Excerpts of Schroeder's dog-ate-my-homework drivel were published this week in the pages of the Review-Journal as part of a news story that also pointed out that he failed to explain how he became so integrally involved in all the intrigue.

While acting as a public front for the new owners of the Review-Journal, Schroeder cobbled together a hit piece on Clark County District Judge Elizabeth Gonzalez and slipped it into the Dec. 2 edition of his New Britain Herald newspaper under the pseudonym "Edward Clarkin."

Alas, poor Clarkin. We knew him as Schroeder right from the start.

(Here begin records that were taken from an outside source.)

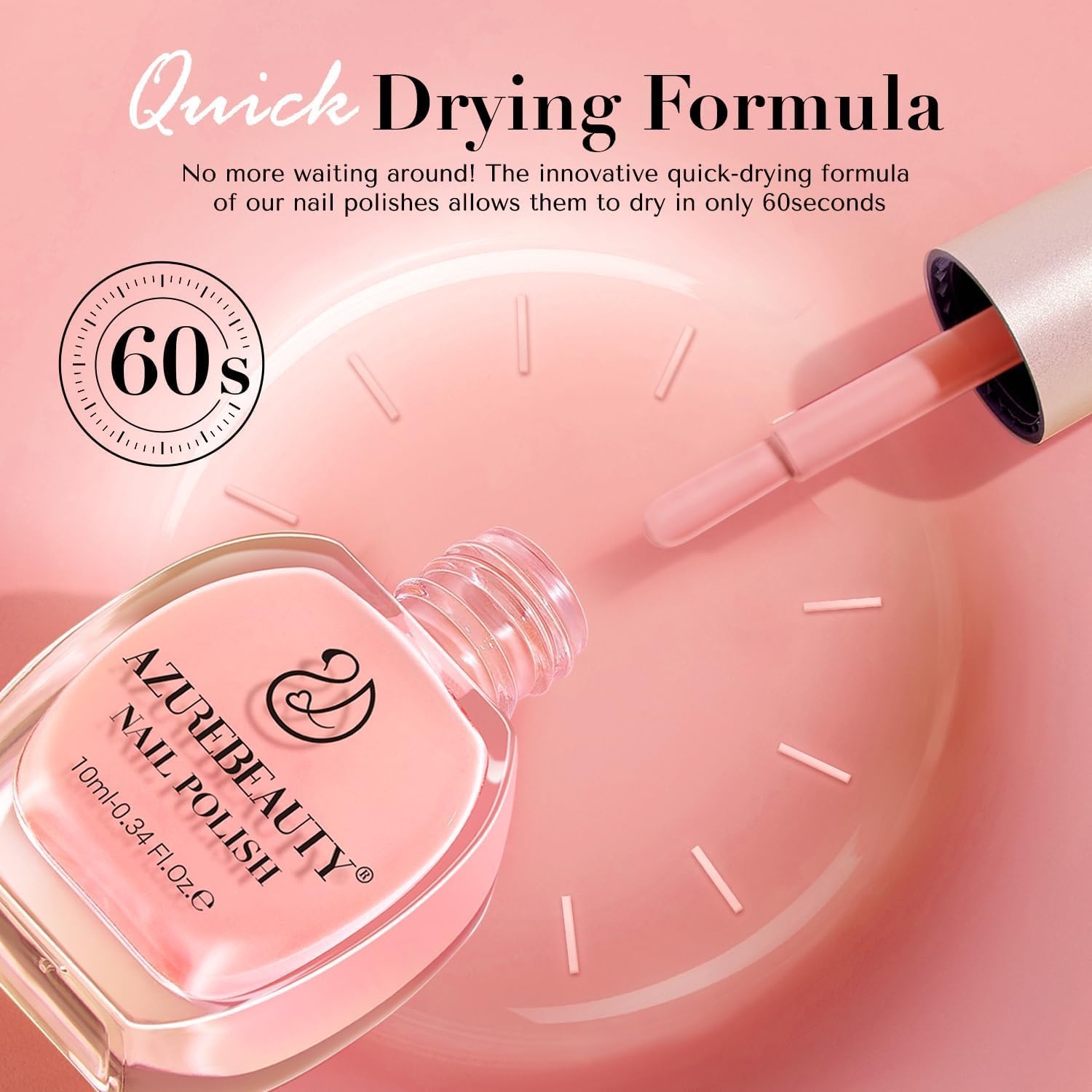 • 【Natural Effect】 AZUREBEAUTY transparent nail polish has a lightweight texture that allows nails to breathe freely, making it suitable for nail lovers of all skin types. At the same time, this nail polish makes your hands look fashionable and flawless. (❤Tips: Everyone's love for nail polish varies, 2 - 3 coats at a time is appropriate.)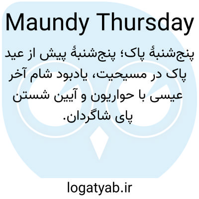 📌 پنجشنبه هفته مقدس، یادبود شام آخر عیسی و شستن پاهای شاگردان در آن روز.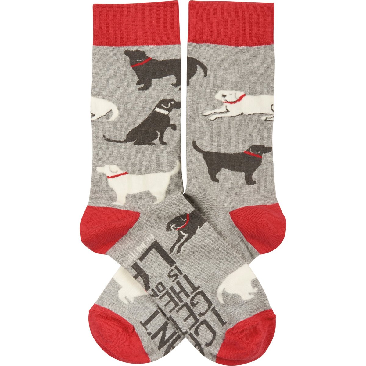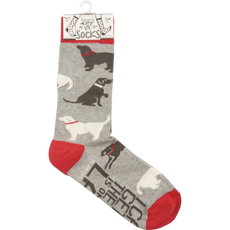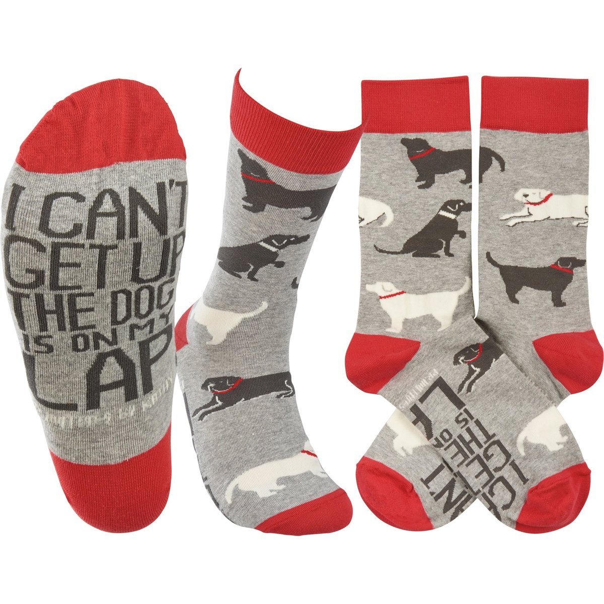 A pair of colorful woven socks from our Pet Collection displaying hand illustrated designs of various dogs with "I Can't Get Up The Dog Is On My Lap" sentiment on the bottom of the socks. Socks feature a one size fits most design made with cotton, nylon, and spandex. Our The Dog Is On My Lap socks come with a header card and a clear plastic hanger for display. A fun everyday accessory perfect for self-expression or gifting on any occasion.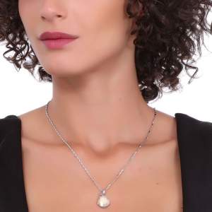 Dije con cadena en baño de oro blanco de 18 quilates, fino diseño de concha abanico en cristal ámbar. Fabricado en una estructura de aleación de platino con rodio sin níquel.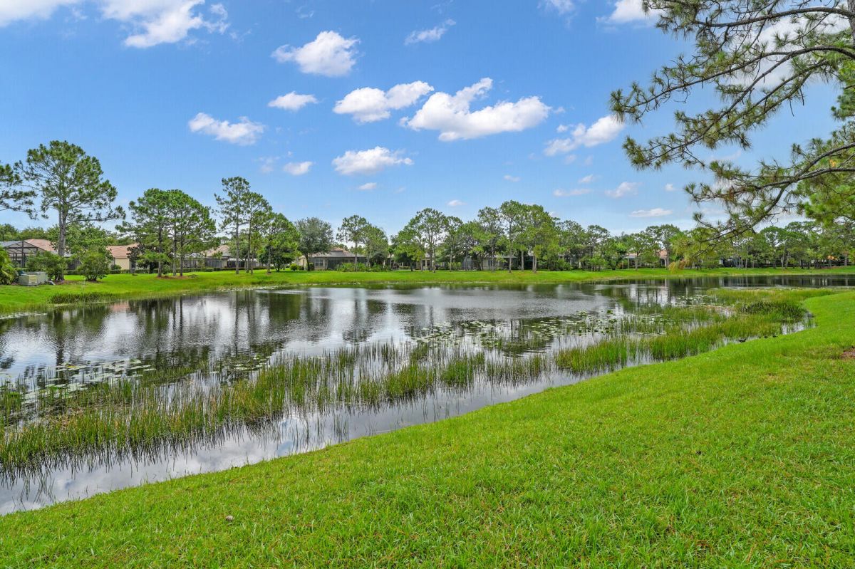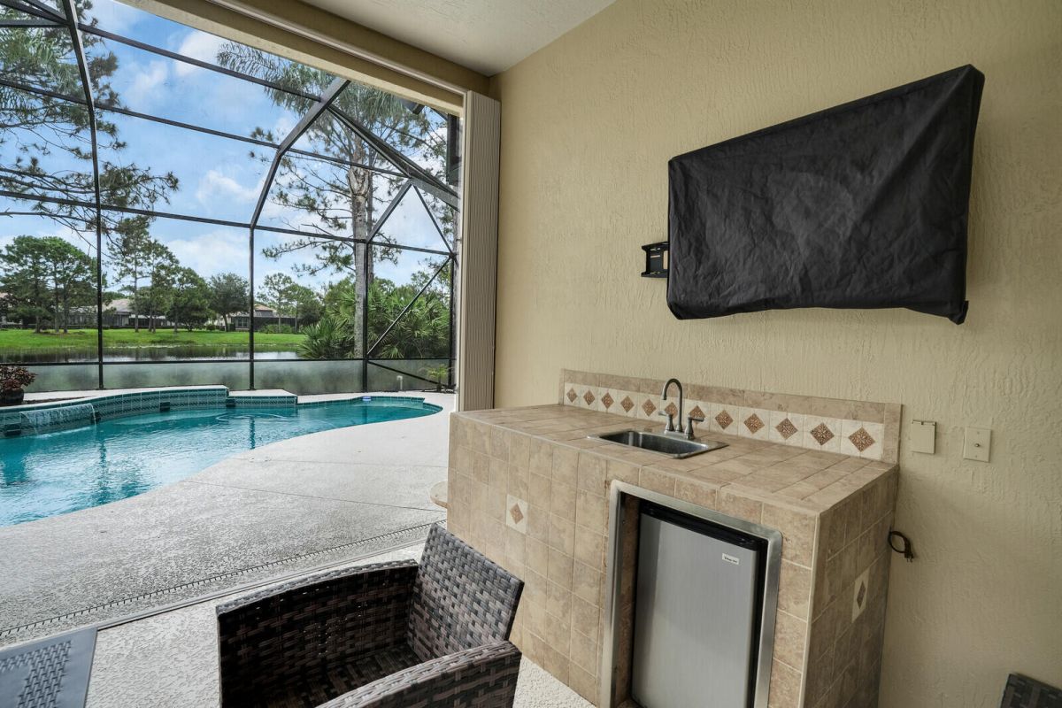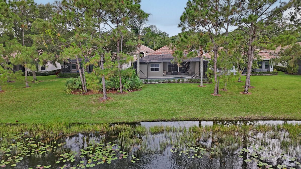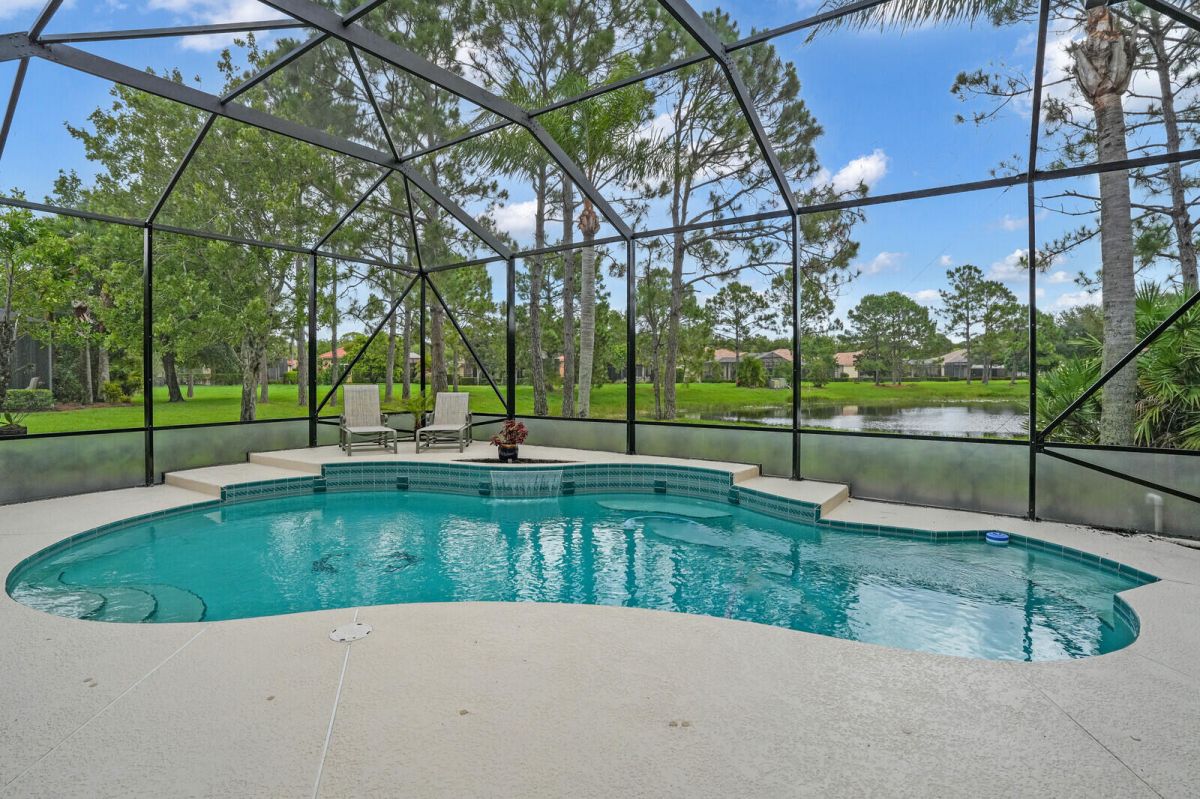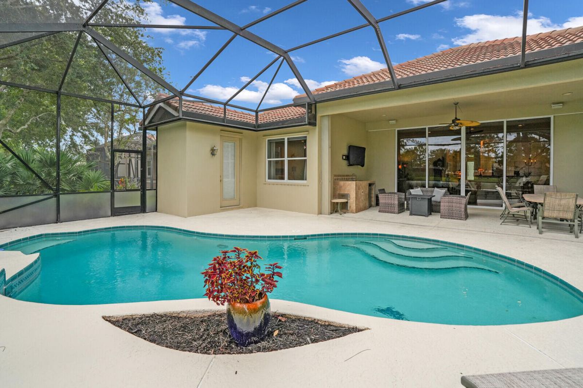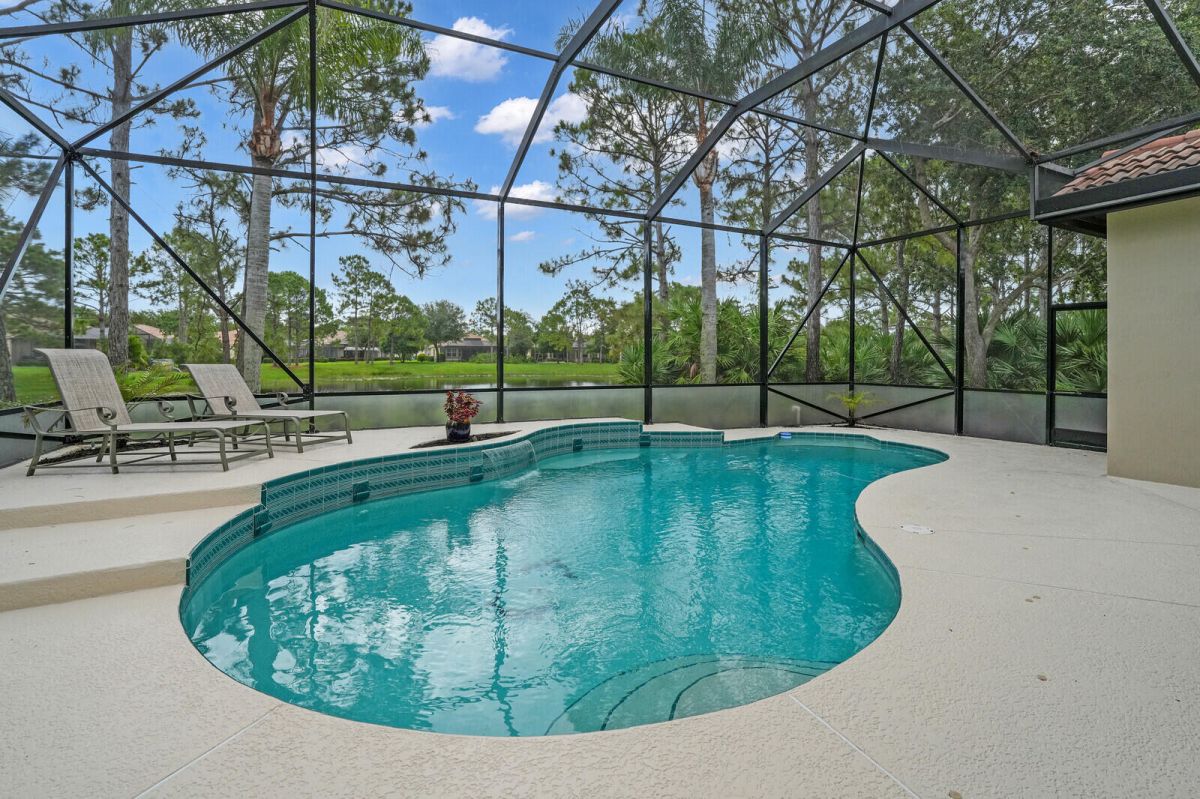 Stunning Pool Home on the Water in PGA Village! Beautifully maintained & freshly painted Medinah model with private, peaceful water view in the Greenbrier neighborhood-right in the heart of PGA Village. Offering 2,284 sq. ft. of air-conditioned living space, this spacious 2-bedroom plus den, 3.5-bath home can easily be converted to 3 bedrooms plus den to suit your lifestyle. Enjoy Florida living at its finest with a screened pool overlooking the water, a covered patio & summer kitchen, 10' pocketing patio doors that fully open to blend indoor & outdoor living-perfect for entertaining Water heater, range & refrigerator new in 2025. Whole house Storm shutters. Located just minutes from the 3 PGA world class golf courses & around the corner from The Legacy Golf & Tennis Club! Paradise

When Review-Journal reporters identified News + Media as a limited liability company controlled by the Adelson family, they also ran to ground details of the Gonzalez story, an inaccurate piece riddled with questionable sourcing. The Schroeder-Clarkin clip job reads like a gift to casino mogul Sheldon Adelson, who is mired in a contentious wrongful termination suit in the judge's court.

That's part of the problem with the Schroeder apology. It slobbers all over itself, but it fails to offer details that would add a little journalistic justice to the story.

Although he stopped short of admitting plagiarism, Schroeder acknowledged that his sourcing was shabby and that he had a conflict of interest. "In this case, a part of the story involved a matter concerning the buyer of the Las Vegas Review-Journal," he wrote. "There should have been a tagline indicating that I had a business relationship with that person."

That's true, but that also makes it sound as if Schroeder didn't write the story as a favor to a friend.

"As editor and publisher, I take full responsibility for the assignment, publication and editing of the story and for these failures," he wrote. "It was a combination of writing and reporting from multiple sources, with anonymity promised, in this case, inappropriately."

What he didn't admit is whether he reported and crafted the Gonzalez story himself or, as I suspect, had more than a little help behind the scenes.

Perhaps he ran out of space.

Now Schroeder is out as manager of News + Media, and good riddance. The Review-Journal put an adult foot forward Wednesday when it announced the appointment of longtime Senior Editorial Writer Glenn Cook as interim editor. Cook has the intellect, work ethic and fully developed backbone to take on the difficult duty.

But if Schroeder imagined the "note to our readers" would absolve all sin and remove the story from the national headlines, he was mistaken. The New York Times took him to the journalistic woodshed in its Thursday edition with a long article under the headline, "A Publisher Puzzles Staff With His Role in Las Vegas."

Turns out Connecticut journalists aren't just upset because the publisher didn't bring them any "I Lost My Ass in Vegas" T-shirts back from his calamitous sojourn West. They're appalled.

Good grief, Schroeder. You lost more than your pseudonym in Vegas.